In the $n \to \infty$ limit this follows from the previous remark. But in fact there’s an easy way to show it’s true for any $n \gt 0$. Do you see how?

• In the limit as $n \to \infty$, the probability that the shortest cycle in a random permutation of an $n$-element set has length $\gt k$ is

$e^{-\left(1 + \frac{1}{2} + \cdots + \frac{1}{k}\right)}$

So, there’s a 37% chance that the shortest cycle has length $\gt 1$, a 22% chance that it has length $\gt 2$, a 16% chance that it has length $\gt 3$, a 12% chance that it has length $\gt 4$, and it drops off slowly from there. I proved this in Part 2.

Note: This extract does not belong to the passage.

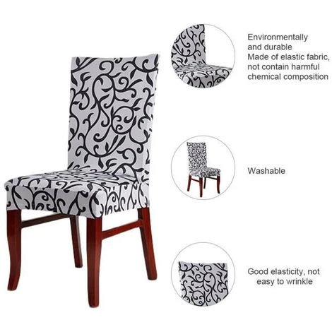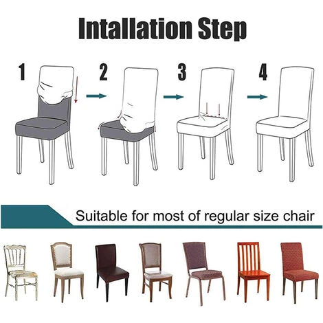 - 1. La housse de chaise est très extensible, elle s’adapte donc à une grande variété de chaises.

This is potentially misleading to the unwary. It says a random permutation of a huge set is quite likely to have at least one short cycle. But you shouldn’t assume it has lots of short cycles. Indeed, remark 2) says that it has just one cycle of length 1, on average.

• In the limit as $n \to \infty$, the average length of the longest cycle in a random permutation is $\lambda n$, where

$\lambda \approx 0.624$

I discussed in this in my post on the Golomb–Dickman constant, which is the name for this number $\lambda$. Dickman proved more: he computed the probability that the longest cycle in a random permutation of an $n$-element set has length $\le c n$, in the $n \to \infty$ limit. He showed it drops off very rapidly as $c$ decreases. For example, the probability that the longest permutation has length $\le n/10$ is less than $10^{-10}$, for large $n$.

This is makes it very interesting to probe the nature of large cycles. But the details of these, and many other aspects of random permutations, remain mysterious to me!

So, let me resume my puzzle series. These are puzzles for myself, or anyone who wants to help:

Puzzle 5. What is the expected number of cycles in a random permutation of an $n$-element set? What about the mode, or median?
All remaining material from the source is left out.